**What this task involves**
Among the lines below, a stretch begins at the one with "5月30日,机电与汽车工程学" and ends at the one with "Photo for illustration". Repeat that stretch exactly, ends included.

**Input data**
◇ ◇ ◇ ◇ ◇ ◇ ◇

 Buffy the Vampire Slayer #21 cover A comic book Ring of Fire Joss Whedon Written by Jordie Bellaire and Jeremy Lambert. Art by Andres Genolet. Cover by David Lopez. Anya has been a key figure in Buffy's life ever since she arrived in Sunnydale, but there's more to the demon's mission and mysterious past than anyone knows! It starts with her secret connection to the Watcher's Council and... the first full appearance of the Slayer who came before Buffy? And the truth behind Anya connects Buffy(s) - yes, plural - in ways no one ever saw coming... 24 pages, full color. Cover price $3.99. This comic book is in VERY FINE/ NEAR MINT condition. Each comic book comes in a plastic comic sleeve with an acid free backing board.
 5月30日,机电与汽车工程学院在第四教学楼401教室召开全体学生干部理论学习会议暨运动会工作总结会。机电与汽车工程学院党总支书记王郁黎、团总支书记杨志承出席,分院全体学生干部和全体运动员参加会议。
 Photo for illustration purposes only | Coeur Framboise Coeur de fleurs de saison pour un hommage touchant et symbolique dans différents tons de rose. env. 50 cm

◇ ◇ ◇ ◇ ◇ ◇ ◇

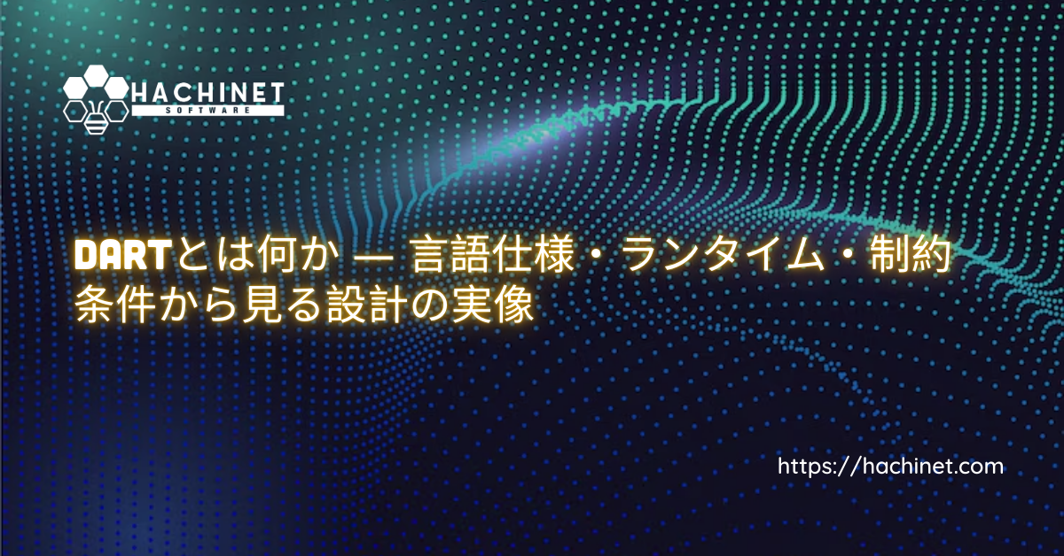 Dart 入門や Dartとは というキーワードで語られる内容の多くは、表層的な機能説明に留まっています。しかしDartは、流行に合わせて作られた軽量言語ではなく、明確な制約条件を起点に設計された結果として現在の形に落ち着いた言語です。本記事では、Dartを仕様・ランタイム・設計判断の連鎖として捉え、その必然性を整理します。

◇ ◇ ◇ ◇ ◇ ◇ ◇

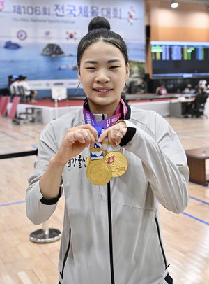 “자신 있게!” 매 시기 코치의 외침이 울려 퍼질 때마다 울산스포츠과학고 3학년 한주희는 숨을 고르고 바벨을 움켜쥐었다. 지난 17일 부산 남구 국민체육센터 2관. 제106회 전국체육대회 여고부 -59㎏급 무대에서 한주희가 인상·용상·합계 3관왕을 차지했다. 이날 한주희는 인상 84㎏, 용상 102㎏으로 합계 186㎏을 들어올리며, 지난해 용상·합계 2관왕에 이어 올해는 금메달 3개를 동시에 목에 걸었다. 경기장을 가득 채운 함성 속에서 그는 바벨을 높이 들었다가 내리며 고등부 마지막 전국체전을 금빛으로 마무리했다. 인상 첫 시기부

◇ ◇ ◇ ◇ ◇ ◇ ◇

**Exercise response**
 5月30日,机电与汽车工程学院在第四教学楼401教室召开全体学生干部理论学习会议暨运动会工作总结会。机电与汽车工程学院党总支书记王郁黎、团总支书记杨志承出席,分院全体学生干部和全体运动员参加会议。
 Photo for illustration purposes only | Coeur Framboise Coeur de fleurs de saison pour un hommage touchant et symbolique dans différents tons de rose. env. 50 cm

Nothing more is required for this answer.